-------- Records supplied

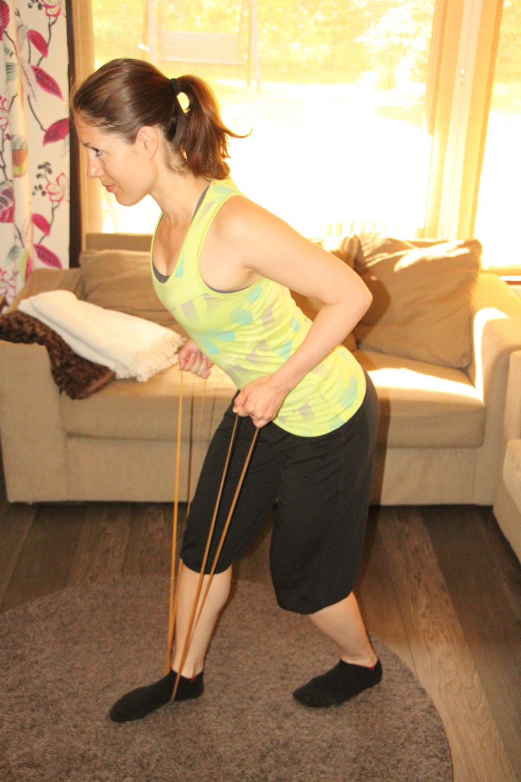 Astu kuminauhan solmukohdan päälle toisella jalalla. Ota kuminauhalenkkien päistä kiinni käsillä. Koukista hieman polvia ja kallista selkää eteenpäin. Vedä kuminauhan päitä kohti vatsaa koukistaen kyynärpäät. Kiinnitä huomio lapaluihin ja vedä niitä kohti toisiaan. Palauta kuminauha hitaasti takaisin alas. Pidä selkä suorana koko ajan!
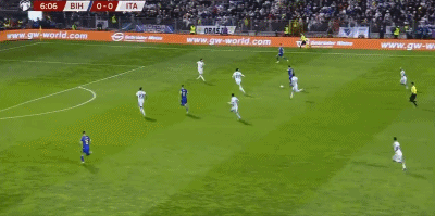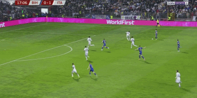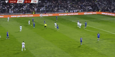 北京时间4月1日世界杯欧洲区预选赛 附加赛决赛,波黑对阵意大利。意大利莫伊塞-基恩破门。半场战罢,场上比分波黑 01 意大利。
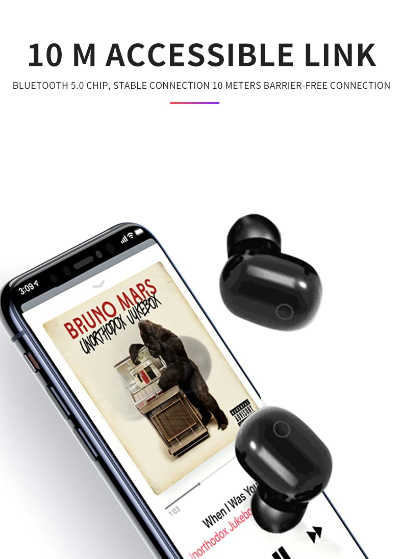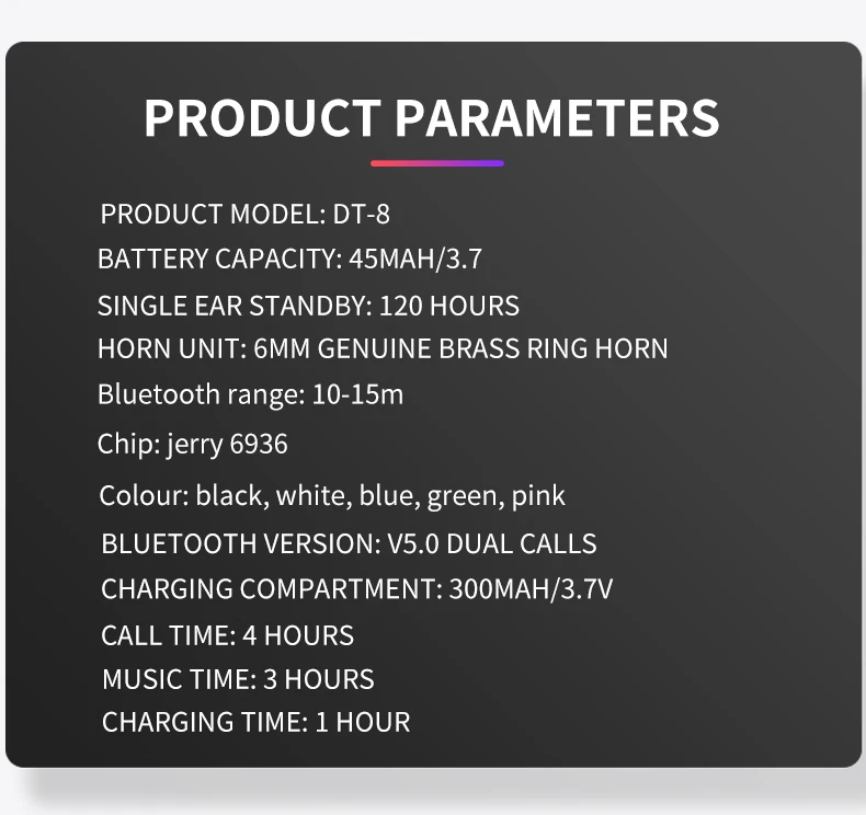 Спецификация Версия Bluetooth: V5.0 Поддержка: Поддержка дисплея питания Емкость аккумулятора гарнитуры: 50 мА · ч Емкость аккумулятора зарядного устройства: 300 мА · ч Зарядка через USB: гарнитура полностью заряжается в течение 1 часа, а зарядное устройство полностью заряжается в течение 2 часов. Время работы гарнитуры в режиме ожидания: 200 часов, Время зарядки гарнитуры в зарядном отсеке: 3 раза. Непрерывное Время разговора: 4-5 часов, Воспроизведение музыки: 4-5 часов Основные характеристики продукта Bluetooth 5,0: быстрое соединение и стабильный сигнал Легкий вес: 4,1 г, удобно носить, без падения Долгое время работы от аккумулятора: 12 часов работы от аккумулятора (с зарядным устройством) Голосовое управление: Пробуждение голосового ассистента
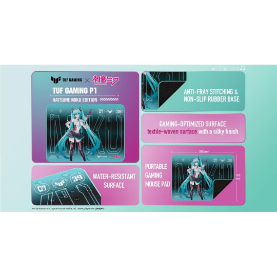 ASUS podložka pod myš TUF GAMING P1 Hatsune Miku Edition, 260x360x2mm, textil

----------------
-------- Records supplied

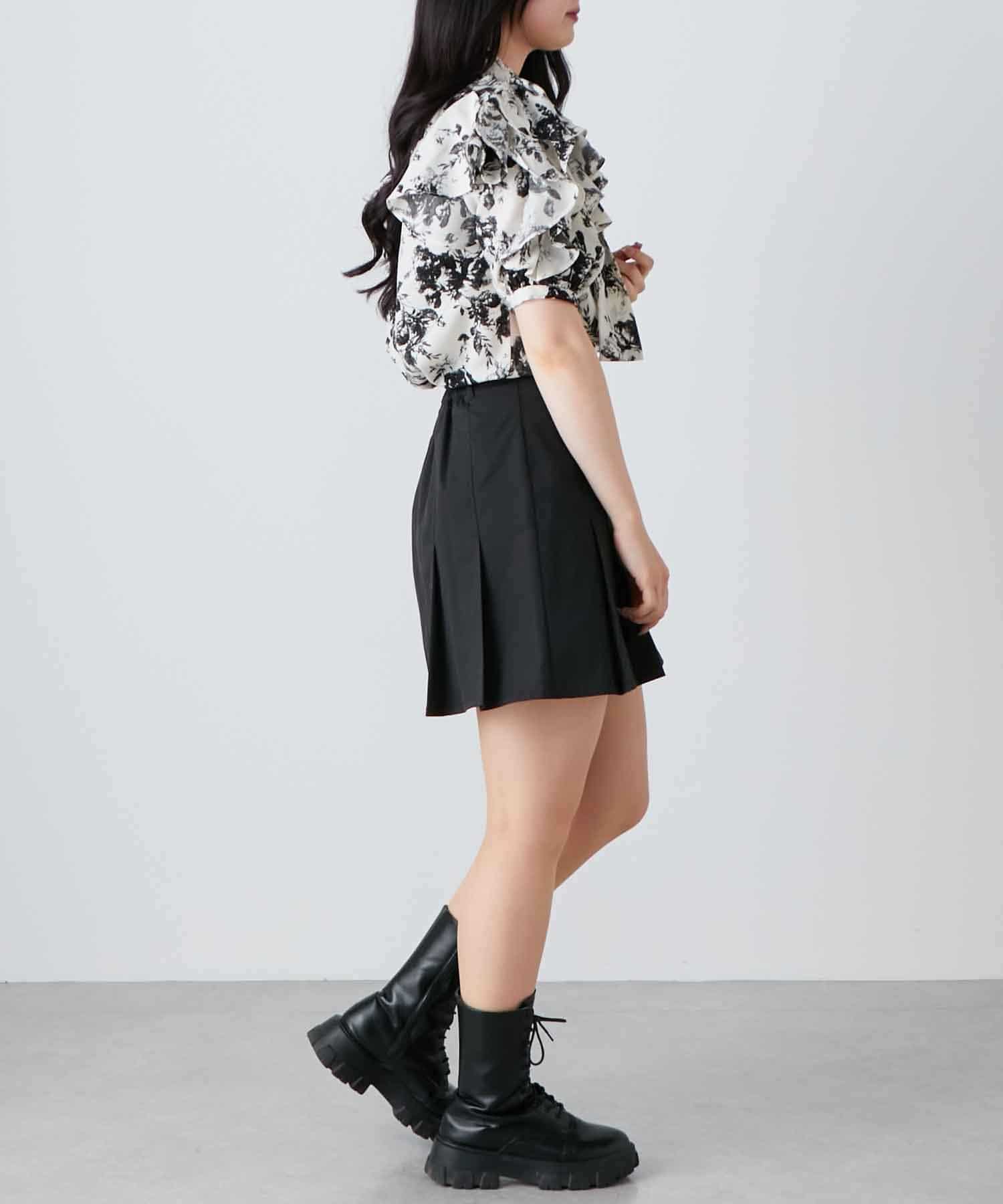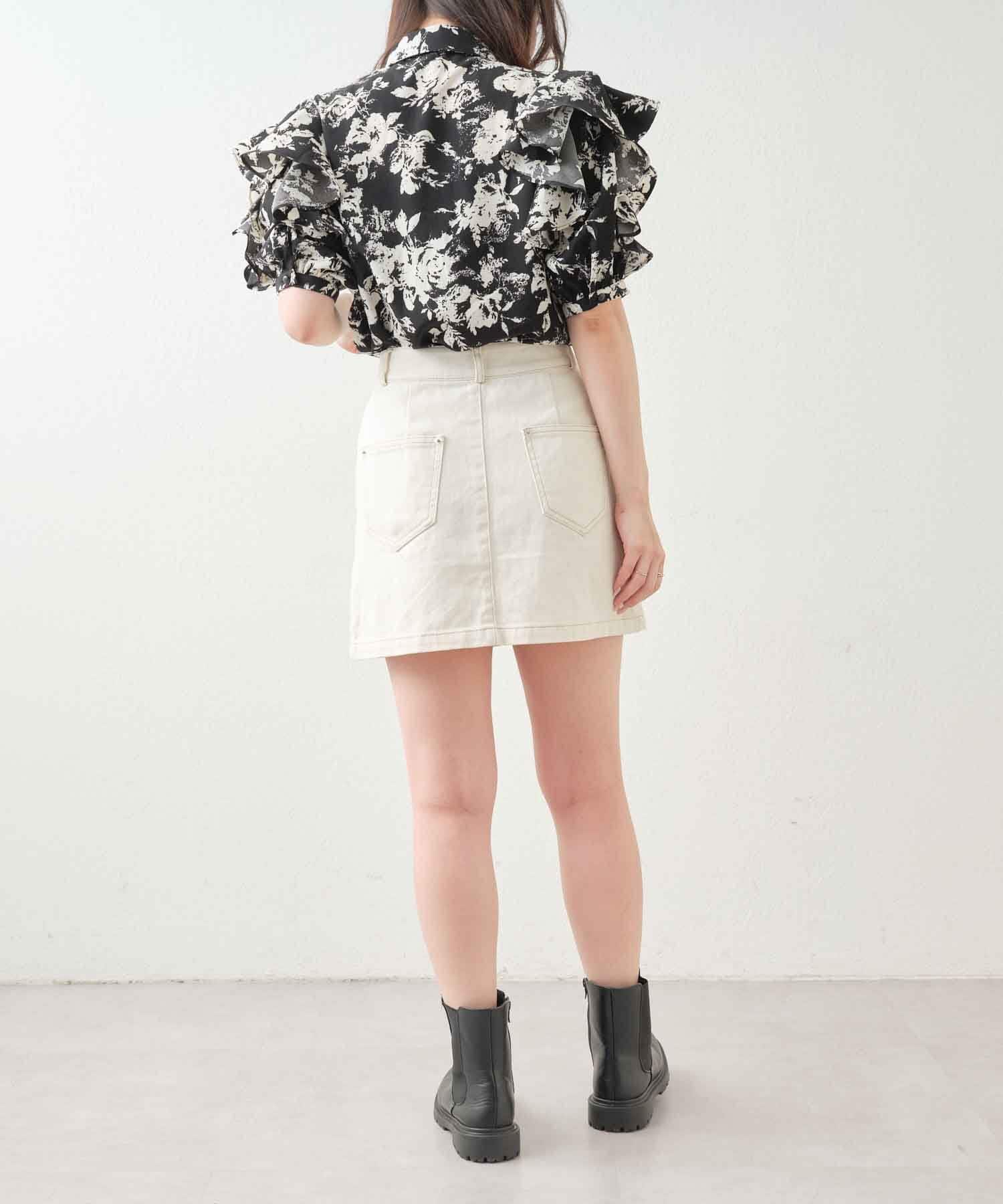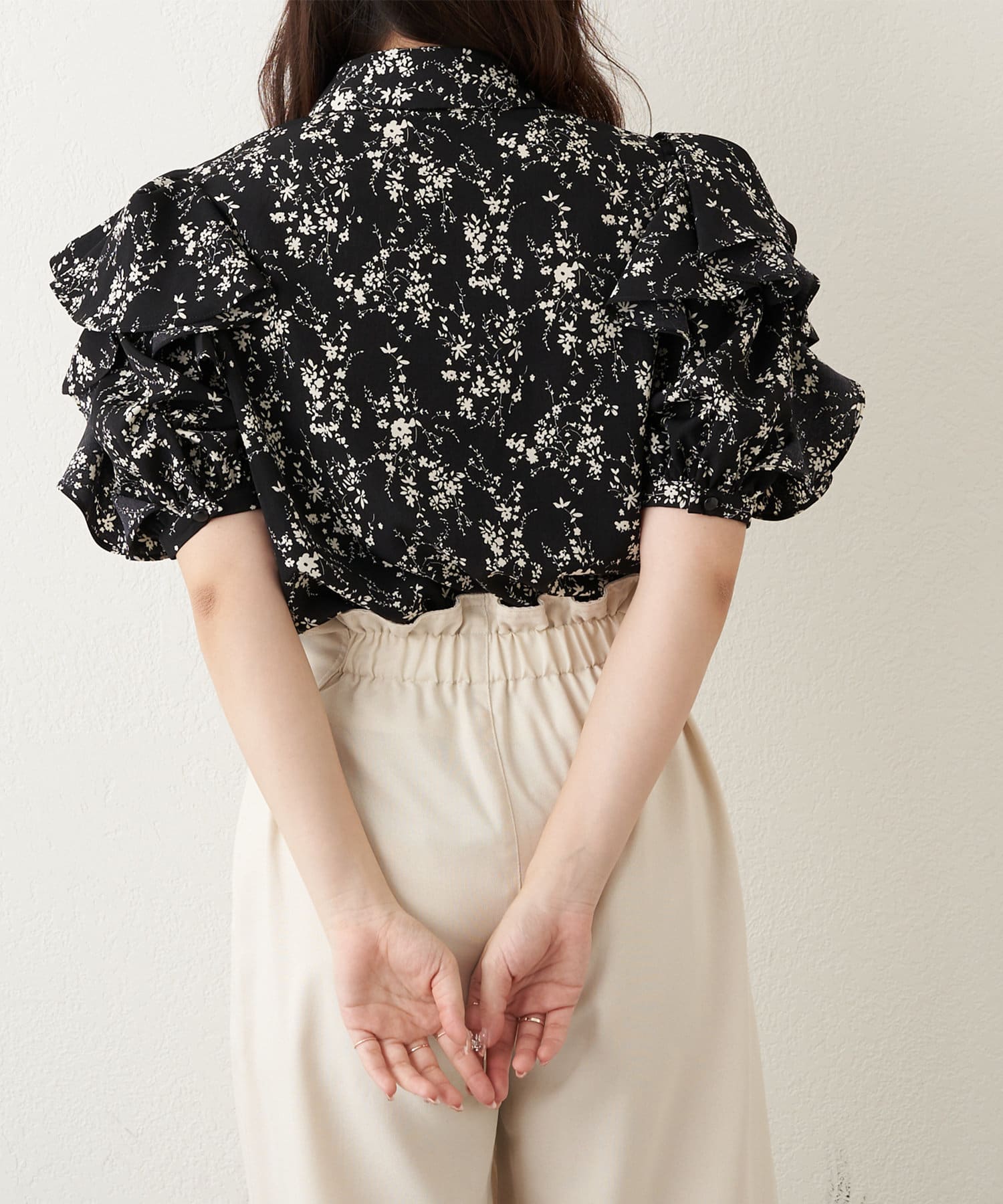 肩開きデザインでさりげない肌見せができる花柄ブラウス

----------------

(Task goal) Begin at the line in the entries above that has "Astu kuminauhan solmukohdan", stop after the line that has "北京时间4月1日世界杯欧洲区预选赛 附加赛决赛,波黑对阵意大利。意大利莫伊塞-基恩破门。半场战罢,场上比分波黑 01", and output exactly those lines without pictures.

(Answer space)
 Astu kuminauhan solmukohdan päälle toisella jalalla. Ota kuminauhalenkkien päistä kiinni käsillä. Koukista hieman polvia ja kallista selkää eteenpäin. Vedä kuminauhan päitä kohti vatsaa koukistaen kyynärpäät. Kiinnitä huomio lapaluihin ja vedä niitä kohti toisiaan. Palauta kuminauha hitaasti takaisin alas. Pidä selkä suorana koko ajan!
 北京时间4月1日世界杯欧洲区预选赛 附加赛决赛,波黑对阵意大利。意大利莫伊塞-基恩破门。半场战罢,场上比分波黑 01 意大利。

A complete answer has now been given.